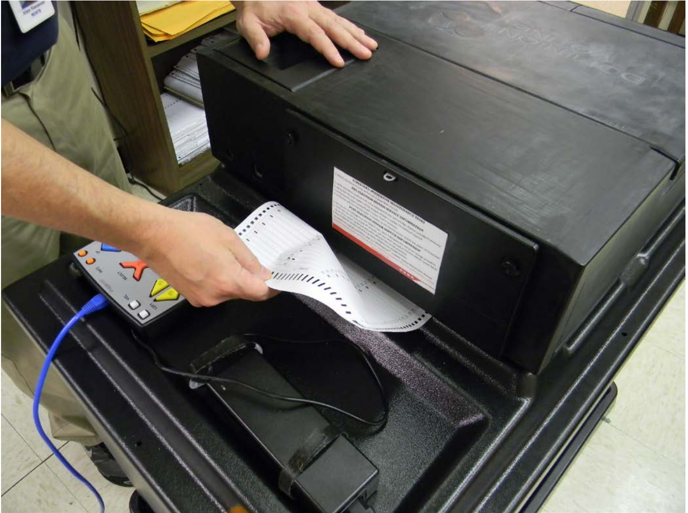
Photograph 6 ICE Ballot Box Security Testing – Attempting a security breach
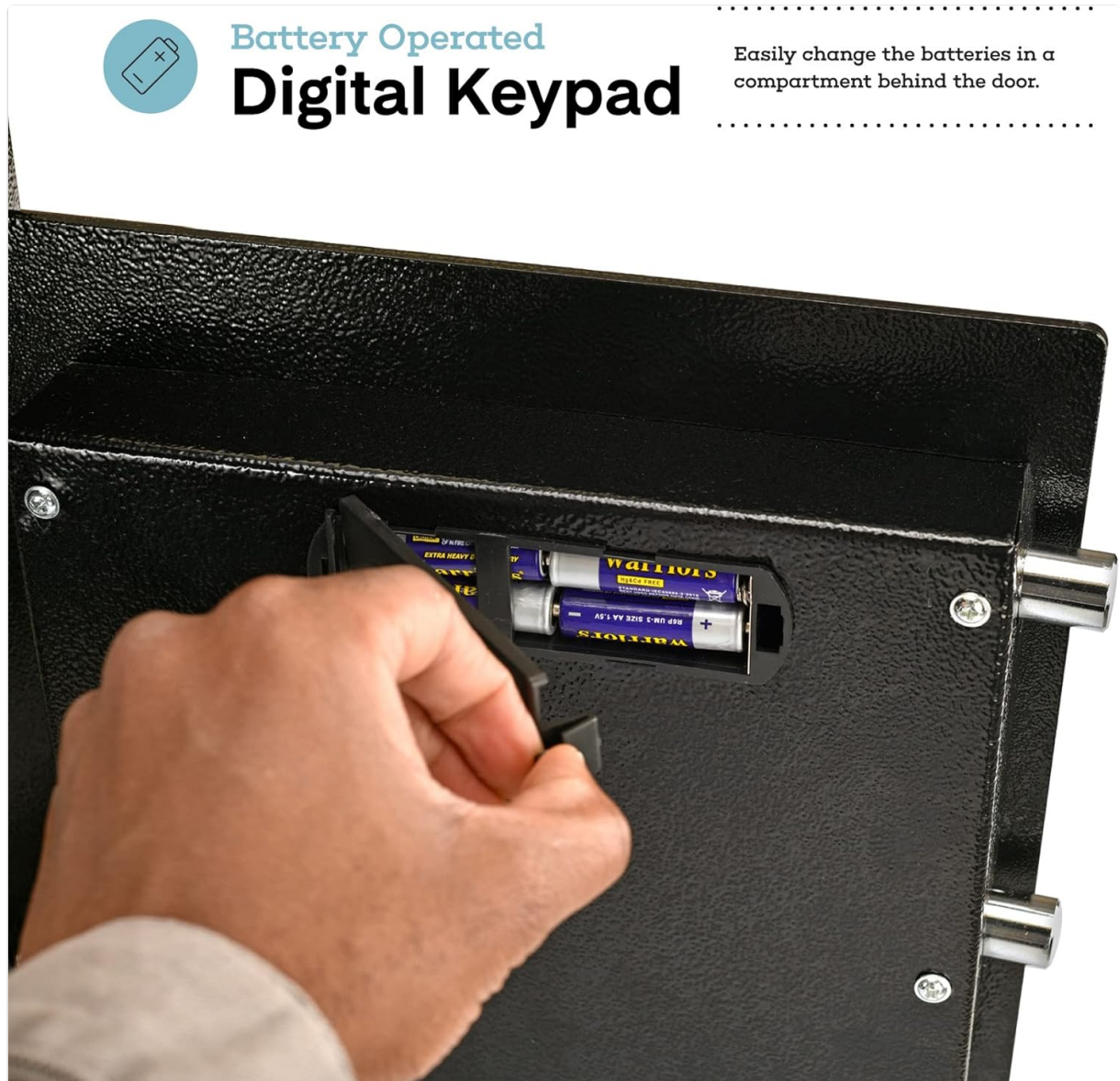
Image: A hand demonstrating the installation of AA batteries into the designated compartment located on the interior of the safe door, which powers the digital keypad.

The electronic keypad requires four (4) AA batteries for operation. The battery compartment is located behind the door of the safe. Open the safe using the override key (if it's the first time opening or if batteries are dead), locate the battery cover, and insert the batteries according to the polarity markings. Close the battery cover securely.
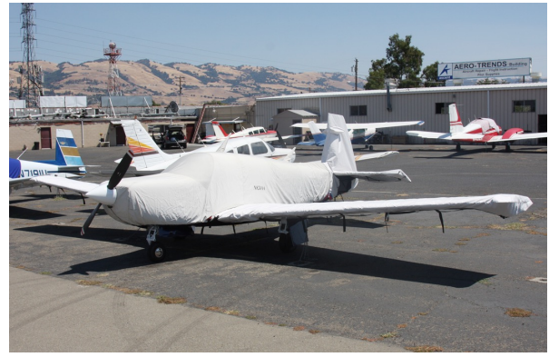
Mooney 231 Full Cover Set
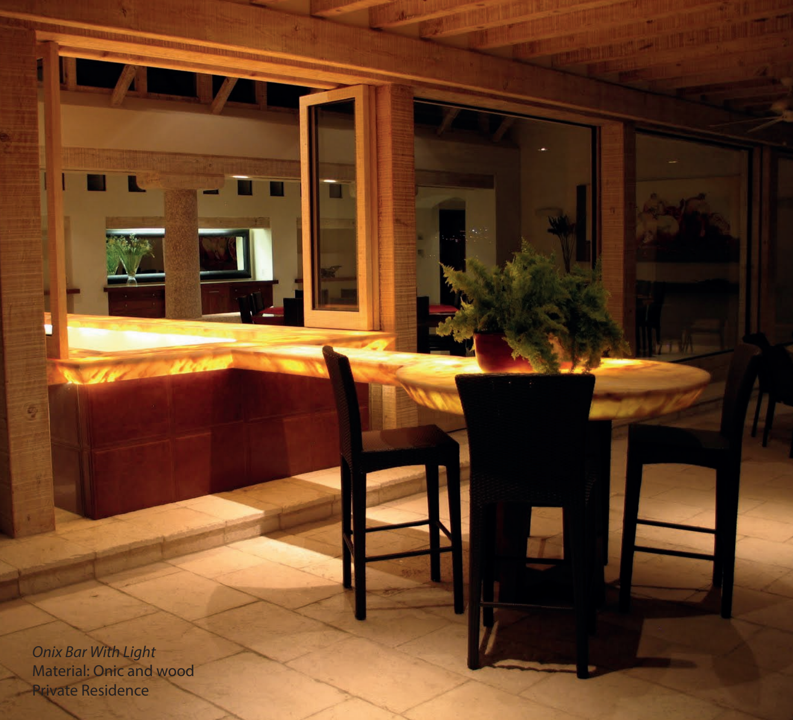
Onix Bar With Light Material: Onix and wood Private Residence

## Task objective
Here the requirement is to restate exactly the line holding "Image: A hand" and every later line through the end of the material, omitting pictures.

## Answer to this task
Image: A hand demonstrating the installation of AA batteries into the designated compartment located on the interior of the safe door, which powers the digital keypad.

The electronic keypad requires four (4) AA batteries for operation. The battery compartment is located behind the door of the safe. Open the safe using the override key (if it's the first time opening or if batteries are dead), locate the battery cover, and insert the batteries according to the polarity markings. Close the battery cover securely.
Mooney 231 Full Cover Set
Onix Bar With Light Material: Onix and wood Private Residence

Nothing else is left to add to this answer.